External Growth, Financing-Related and Other Initiatives
Hollywood Casino at Kansas Speedway
The initial phase of the Hollywood-themed and branded entertainment destination facility, including certain changes to the scope and mix of gaming operations and amenities approved by the Kansas Lottery Commission in August 2010, features an 82,000 square foot casino with 2,000 slot machines and 52 table games, a 1,253 space parking structure as well as a sports-themed bar, dining and entertainment options. Kansas Entertainment, LLC, the Company's 50/50 joint venture with Penn National Gaming, Inc., anticipates funding the initial phase of the development with a mix of equity contributions from each partner as well third party financing, preferably on a project secured non-recourse basis.
The Company currently estimates that its share of capitalized development costs for the project, excluding its contribution of the land, will be approximately $155.0 million.

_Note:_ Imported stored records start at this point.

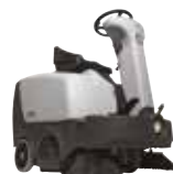
SR1000S Подметальные машины
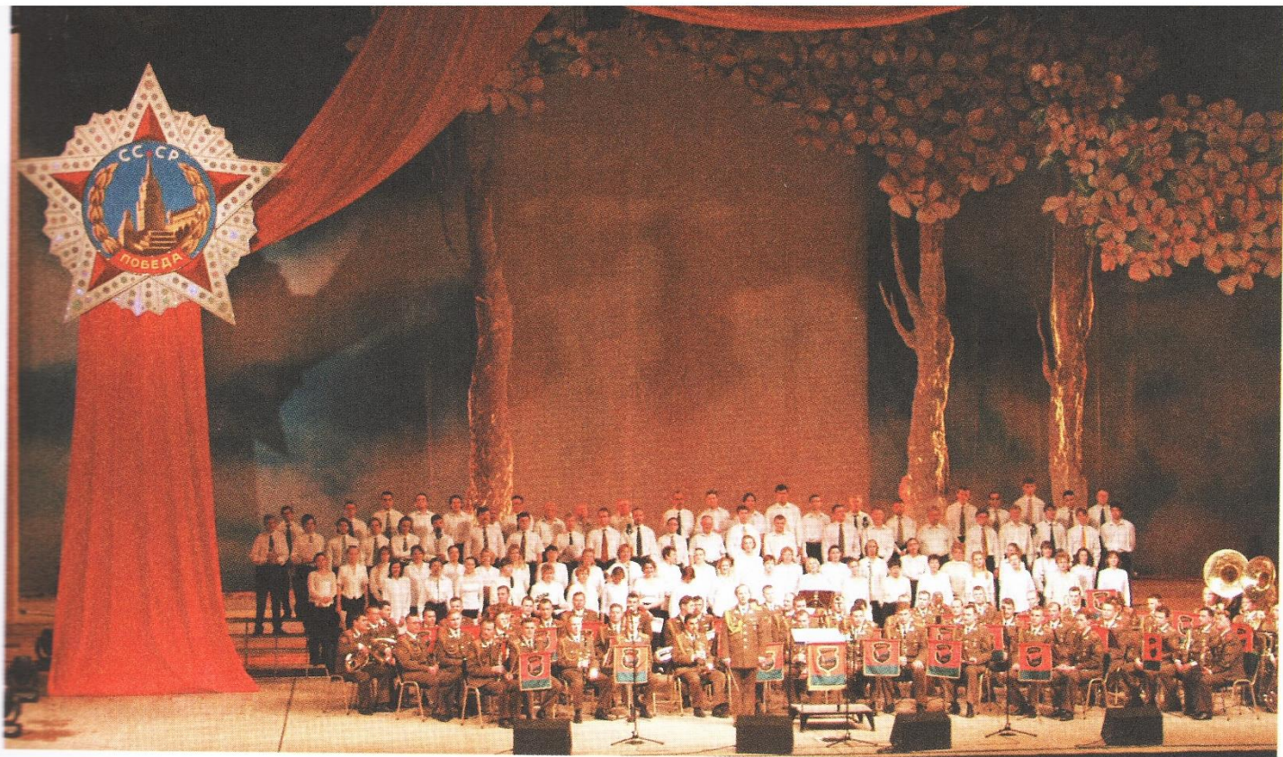
Финальное прослушивание 8 мая 2002 года во Дворце Республики, в ходе которого Президент Александр Лукашенко ознакомился с произведениями, претендующими стать Государственным гимном Беларуси

почему. В музыке, как и других сферах, есть свои законы.
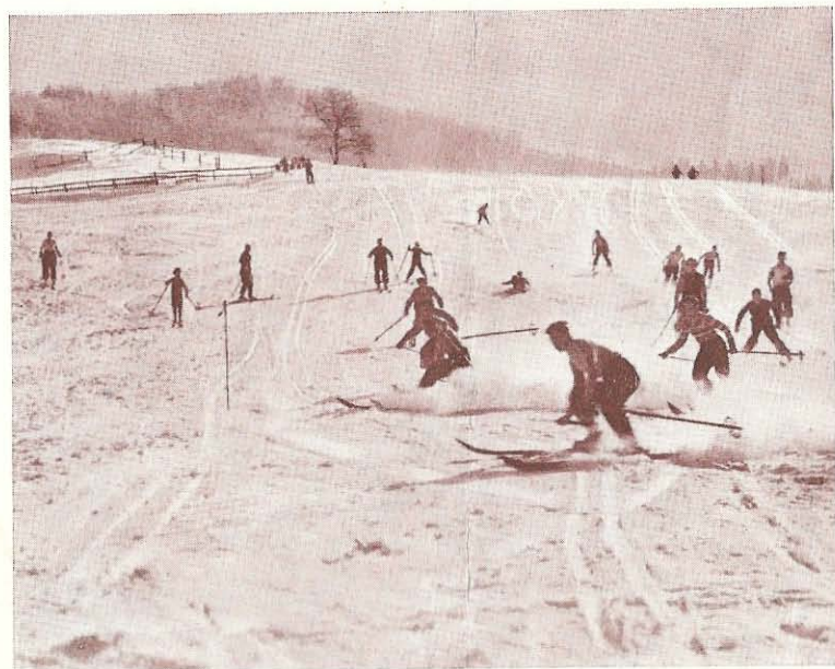
An einem der herrlichen Uebungshänge
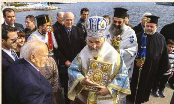
Τά Ἅγια Θεοφάνεια μέ τόν Πρόεδρο τής Δημοκρατίας στή νήσο Τέλενδο

Ἡ νήσος Τέλενδος εἶχε φέτος τήν τιμητική της, ἄφου στή νησίδα αὐτή τής Καλύμνου, γιά πρώτη φορά στήν ἱστορία της, ὁ Πρόεδρος τής Δημοκρατίας κ. Κάρολος Παπούλιας παρέστη στον ἁγιασμό τών υδάτων, μεταβάς ἐκεῖ μέ ἑλικόπτερο.
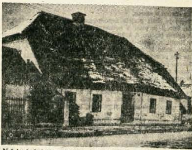
Nekdanja krčma pri »Pému«, sedaj Tržaška c. 52

Bil pa je naš Prešeren gotovo samozavesten mož, kajti zavedal se je svojega pesniškega poslanstva in veljave. Wohlmuthova nam sporoča o tem: »Večkrat je rekel: tristo let bo moje ime trajalo dalje, kakor štathal-
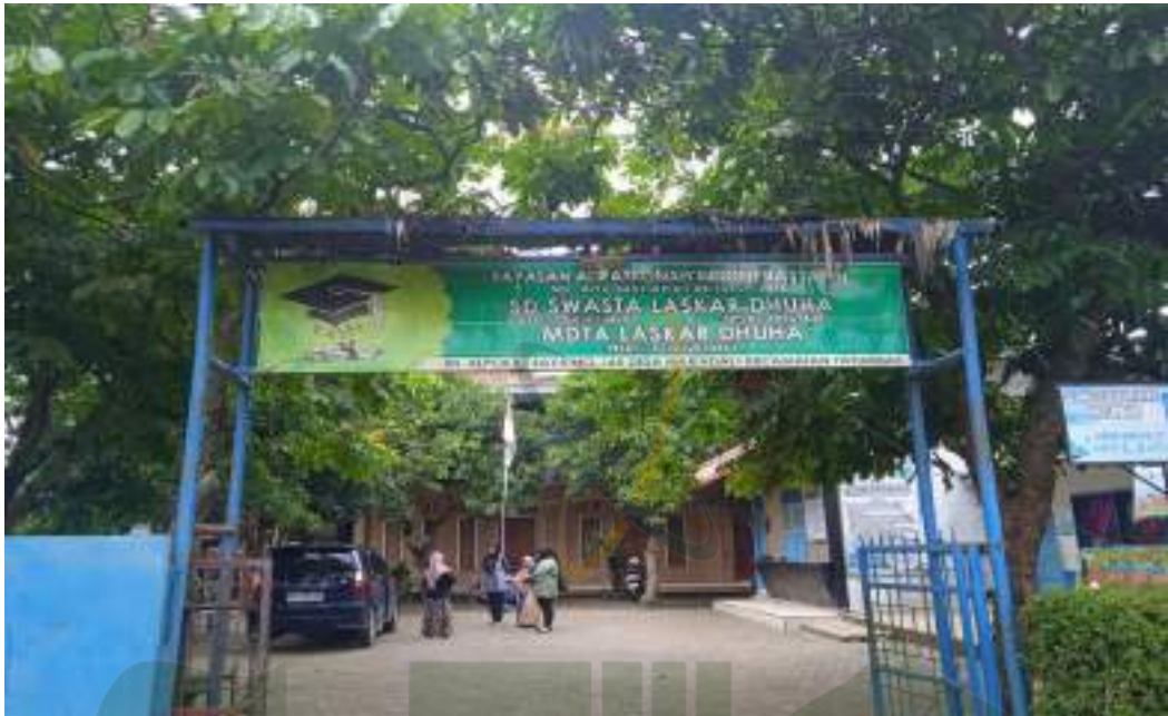
Gedung sekolah SD Swasta Laskar Dhuha tampak depan
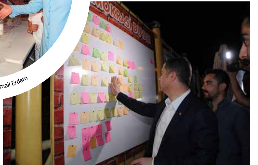
Çan Belediye Başkanı Abdurrahman Kuzu
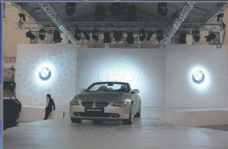
Торжественный прием компаний BMW и Escada. Площадь Государственного Академического Большого Театра.
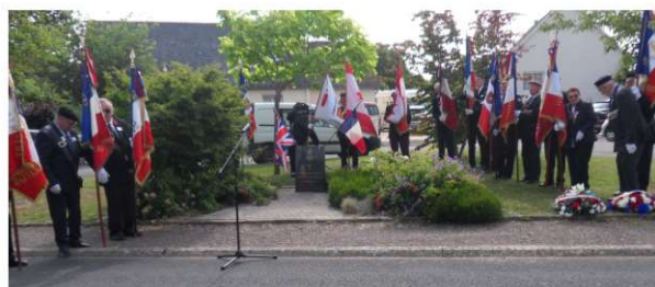
Présence de 19 porte drapeaux
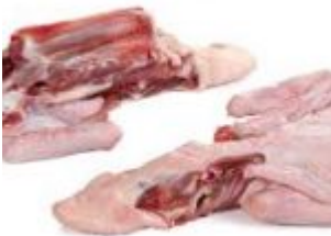
Carcasse (Dog's Kitchen.be)
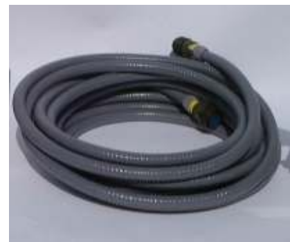
Cable de control , longitud estándar de 10 mt, bajo pedido hasta 40 mt

La cámara es muy compacta. Hecha de aluminio, como el soporte universal.
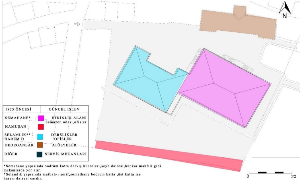
Şekil 7. Kasımpaşa Mevlevihanesi vaziyet planı üzerinde somut olmayan niteliklere ait eylemlerin olduğu mekânlar (İBŞB, 2022, Analiz çalışması Arapoğlu, 2024)
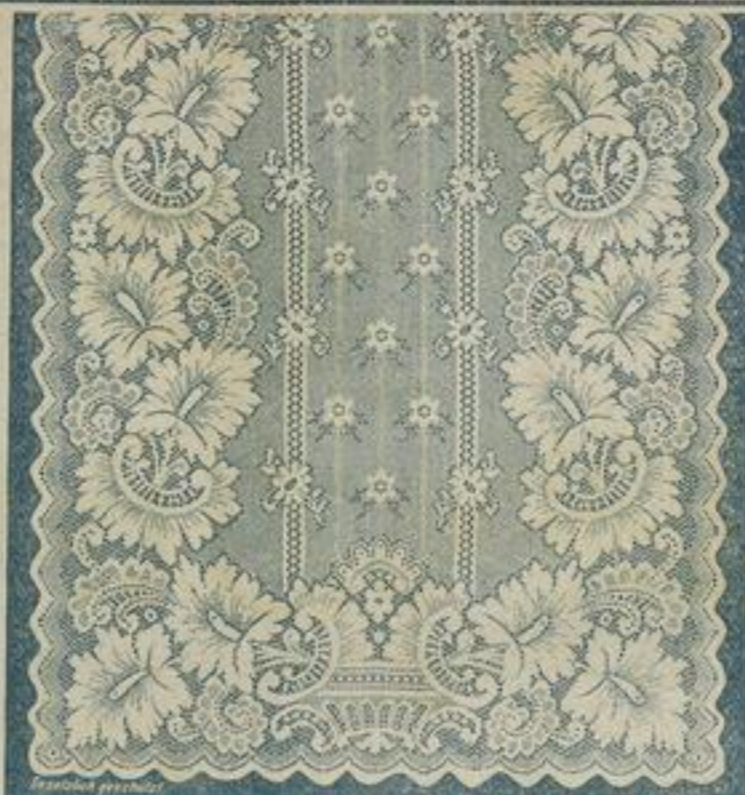
108 cm breit Englisch Tüll 5347 6,4 mtr. lang à mtr. 45 Pf. crème und weiss. à Fenster M. 3,50. Zweimal mit Band eingefasst.
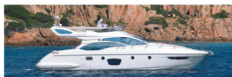
Tiber Yacht XP
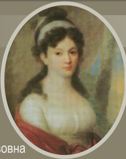
Мать Тютчева Екатерина Львовна
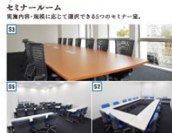
セミナールーム 範囲内容・人数に応じて選択できる5つのセミナー室。
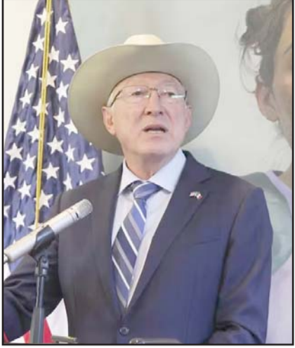
El Embajador de EU advirtió que los 'abrazos, no balazos' falló ante el crimen.
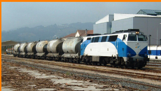
333 Grandes Líneas con pequeño corte de tolvas cementeras. Pontevedra Mayo 2004.
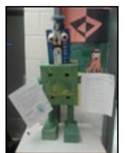
Le gentil monstre de Boréale.

Dans le cadre des cours de français et d'arts plastiques, et afin de souligner la fête de l'Halloween, les élèves de 6e et 7e année ont eu à construire un monstre géant, en équipe, et rédiger des histoires en lien avec celui-ci.
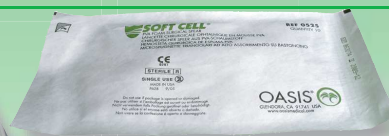
(1パック:5本入り袋 x 2)
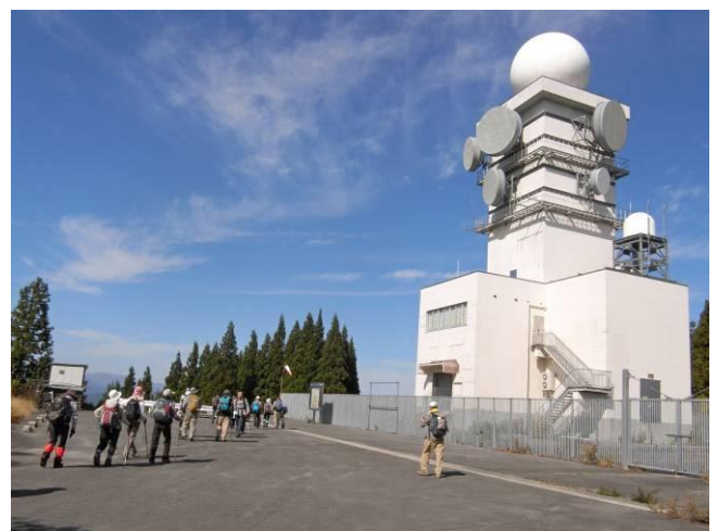
雨雪量計レーダー基地に到着
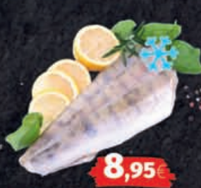
Zanderfilet tiefgekühlt 1kg
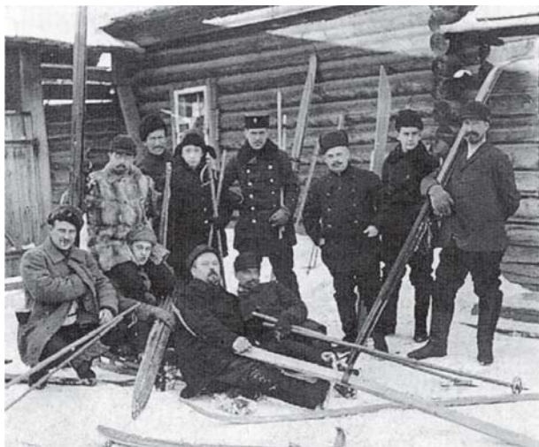
Члены общества велосипедистов на лыжной прогулке

In addition, the Company expects to continue to incur certain other start up and related costs through opening in the first half of 2012, a number of which will be expensed through equity in net loss from equity investments.
Staten Island
In connection with ISC's efforts to sell its Staten Island property, on September 2, 2010, the Company executed a second amendment to the purchase and sale agreement which provided an extension to KB Holdings to close the transaction on or before November 30, 2010. Under the terms of that extension, the purchase price to be paid by KB Holdings is $88.0 million consisting of $33.6 million in non-refundable cash deposits to be received at or prior to closing and $54.4 million in the form of a promissory note payable on or before August 31, 2011. The promissory note will have a market-based interest rate and be secured by a first priority security interest in the outstanding equity membership interests of 380 Development, LLC. While the Company remains optimistic, there can be no assurance that KB Holdings will proceed to closing.
Liquidity
The Company's current $300 million revolving credit facility is scheduled to mature in June 2011. ISC is working with its lenders regarding entering into a new revolving credit facility agreement and anticipates having a new facility with similar tenor and capacity in place no later than the end of the 2011 first fiscal quarter.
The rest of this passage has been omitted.